Single by Ellie Goulding

from the album I Know Too Much
- Released: 5 August 2026
- Genre: Electronic; house; dance;
- Length: 3:26
- Label: Polydor
- Songwriters: Dave Hamelin; Ellie Goulding; Jack Rochon; Solly; Sophie Cates;
- Producers: Dave Hamelin; Jack Rochon;

Ellie Goulding singles chronology
| "4 Seasons" (2026) | "Ravers" (2026) | "For Your Entertainment" (2026) |

Music video
- "Ravers" on YouTube

= Ravers (song) =

"Ravers" is a song by English singer-songwriter Ellie Goulding. It was released on 5 August 2026, through Polydor Records as the third single from her sixth studio album, I Know Too Much (2026). Goulding co-wrote the electronic, house, and dance song with Dave Hamelin, Jack Rochon, Solly, and Sophie Cates, while Hamelin and Rochon produced it.

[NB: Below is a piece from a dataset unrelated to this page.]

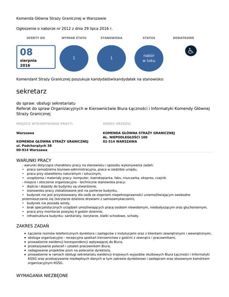 Komenda Główna Straży Granicznej w Warszawie Ogłoszenie o naborze nr 2012 z dnia 29 lipca 2016 r. OFERTY DO WYMIAR ETATU STANOWISKA STATUS 1 1 nabór w toku 08 sierpnia 2016 DODATKOWE Komendant Straży Granicznej poszukuje kandydatów\kandydatek na stanowisko: sekretarz do spraw: obsługi sekretariatu Referat do spraw Organizacyjnych w Kierownictwie Biura Łączności i Informatyki Komendy Głównej Straży Granicznej MIEJSCE WYKONYWANIA PRACY: ADRES URZĘDU: Warszawa KOMENDA GŁÓWNA STRAŻY GRANICZNEJ AL. NIEPODLEGŁOŚCI 100 02-514 WARSZAWA KOMENDA GŁÓWNA STRAŻY GRANICZNEJ ul. Podchorążych 38 00-914 Warszawa WARUNKI PRACY - warunki dotyczące charakteru pracy na stanowisku i sposobu wykonywania zadań: • praca samodzielna biurowo-administracyjna, praca w siedzibie urzędu, • praca przy oświetleniu naturalnym i sztucznym, • urządzenia i materiały pracy: komputer, kserokopiarka, faks, niszczarka, ekspres, czajnik. - miejsce i otoczenie organizacyjno - techniczne stanowiska pracy: • dojścia i dojazdy do budynku są utwardzone, • stanowisko pracy zlokalizowane jest na parterze budynku, • budynek nie jest przystosowany dla osób ze stopniem niepełnosprawności uniemożliwiającym swobodne przemieszczanie się (korytarze dzielone drzwiami z samozamykaczami), • budynek nie posiada windy, • brak specjalistycznych urządzeń umożliwiających pracę osobom niewidomym, niedosłyszącym oraz głuchoniemym, • praca przy monitorze powyżej 4 godzin dziennie, • infrastruktura budynku: sanitariaty, korytarze, klatki schodowe, schody. ZAKRES ZADAŃ Łączenie rozmów telefonicznych dyrektora i zastępców z instytucjami oraz z klientami zewnętrznymi i wewnętrznymi, obsługa organizacyjno - recepcyjna spotkań kierownictwa z gośćmi z zewnątrz i pracownikami, prowadzenie ewidencji korespondencji wpływającej do Biura, przekazywanie poleceń i ustaleń pracownikom Biura, redagowanie projektów pism na polecenie dyrektora, prowadzenie w ramach obsługi sekretariatu ewidencji krajowych wyjazdów służbowych Biura Łączności i Informatyki KGSG oraz przekazywanie niezbędnych danych w tym zakresie dyrektorowi i zastępcom oraz stosownym komórkom organizacyjnym KGSG. WYMAGANIA NIEZBĘDNE Wykształcenie: średnie pozytywne przejście procedury sprawdzającej w celu uzyskania poświadczenia bezpieczeństwa osobowego uprawniającego do dostępu do informacji niejawnych, umiejętność samodzielnej pracy, podstawowa obsługa środowiska WINDOWS i pakiet OFFICE. Posiadanie obywatelstwa polskiego Korzystanie z pełni praw publicznych Nieskazanie prawomocnym wyrokiem za umyślne przestępstwo lub umyśle przestępstwo skarbowe WYMAGANIA DODATKOWE doświadczenie zawodowe: 3 miesiące praca biurowa język angielski – komunikatywny, przeszkolenie – kurs sekretarki – asystentki DOKUMENTY I OŚWIADCZENIA NIEZBĘDNE Życiorys/CV i list motywacyjny Kopie dokumentów potwierdzających spełnienie wymagania niezbędnego w zakresie wykształcenia Oświadczenie o posiadaniu obywatelstwa polskiego albo kopia dokumentu potwierdzającego posiadanie polskiego obywatelstwa Oświadczenie o wyrażeniu zgody na przetwarzanie danych osobowych do celów naboru Oświadczenie o korzystaniu z pełni praw publicznych Oświadczenie o nieskazaniu prawomocnym wyrokiem za umyślne przestępstwo lub umyślne przestępstwo skarbowe DOKUMENTY I OŚWIADCZENIA DODATKOWE kopia dokumentu potwierdzającego niepełnosprawność - w przypadku kandydatek/kandydatów, zamierzających skorzystać z pierwszeństwa w zatrudnieniu w przypadku, gdy znajdą się w gronie najlepszych kandydatek/kandydatów Kopie dokumentów potwierdzających spełnienie wymagania dodatkowego w zakresie doświadczenia zawodowego / stażu pracy Kopie dokumentów potwierdzających spełnienie wymagania dodatkowego w zakresie posiadanych kwalifikacji/przeszkolenia w zakresie kursu sekretarsko-asystenckiego, Kopie dokumentów potwierdzających spełnienie wymagania dodatkowego w zakresie stopnia znajomości języka angielskiego lub oświadczenie kandydata o stopniu znajomości języka angielskiego. TERMINY I MIEJSCE SKŁADANIA DOKUMENTÓW Dokumenty należy złożyć do: 08 sierpnia 2016 r. Decyduje data: stempla pocztowego / osobistego dostarczenia oferty do urzędu Miejsce składania dokumentów: Biuro Kadr i Szkolenia Komendy Głównej Straży Granicznej Al. Niepodległości 100 02-514 Warszawa z dopiskiem "oferta pracy –Sekretarz dyrektora BŁiI KGSG oraz numer ogłoszenia" INNE INFORMACJE: W miesiącu poprzedzającym datę upublicznienia ogłoszenia wskaźnik zatrudnienia osób niepełnosprawnych w urzędzie, w rozumieniu przepisów o rehabilitacji zawodowej i społecznej oraz zatrudnianiu osób niepełnosprawnych, nie wynosi co najmniej 6%. wynagrodzenie na powyższym stanowisku wynosi ok. 1720 zł. netto + dodatek za wysługę lat, - dokumenty należy składać osobiście w siedzibie urzędu lub listownie, - oferty otrzymane po terminie nie będą rozpatrywane – decyduje data przyjęcia oferty w urzędzie lub data stempla pocztowego, - rozpatrzeniu nie będą podlegać oferty niespełniające wymagań określonych w ogłoszeniu a także oferty, które nie zawierają kompletu wymaganych oraz uwiarygodnionych (opatrzonych datą i własnoręcznym podpisem kandydata) dokumentów i oświadczeń, - kandydaci zakwalifikowani będą informowani telefonicznie lub za pośrednictwem poczty elektronicznej o terminie rozmowy kwalifikacyjnej, - przyjmujemy tylko kompletne kserokopie dokumentów, - oferty odrzucone zostaną komisyjnie zniszczone, - wzory wymaganych oświadczeń znajdują się na stronie: http://www.strazgraniczna.pl/pl/straz-graniczna/sprawy-kadrowe/korpus-sluzby-cywilnej/2487,Korpus-sluzby-cy wilnej.html Uwaga! Weryfikacja spełniania przez kandydatów wymagań formalnych dokonana zostanie na podstawie dokumentów wymienionych w części "dokumenty i oświadczenia niezbędne". W związku z tym podkreślamy, że kompletne 
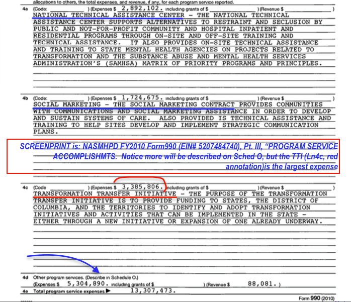 NASMHPD FY2010 Form 990 page 2, Program Service Accomplishments. (Shown to highlight the TTI, see red ink).

==Background and release==
Speaking to Zane Lowe, who premiered "Ravers" on his Apple Music show, Goulding explained that an electronic sound of "Ravers" recalled the "safe and beautiful place" she experienced while listening to electronic music as a child. Goulding said the genre gave her a sense of freedom and described "Ravers" as the song that felt closest to her at the time, calling it her "happy place". "Ravers" was released digitally by Polydor Records on 5 August 2026, as the third single from her sixth studio album, I Know Too Much, following "Black Prada Dress" and "4 Seasons". The accompanying music video followed two days later.

==Composition==
Goulding provides vocals and is credited as a songwriter, while Dave Hamelin serves as a producer, songwriter, programmer and synthesiser. Jack Rochon is credited as a producer, songwriter and pianist, with Solly and Sophie Cates also credited as songwriters. Randy Merrill handled mastering, while Jeremy Wheatley handled mixing.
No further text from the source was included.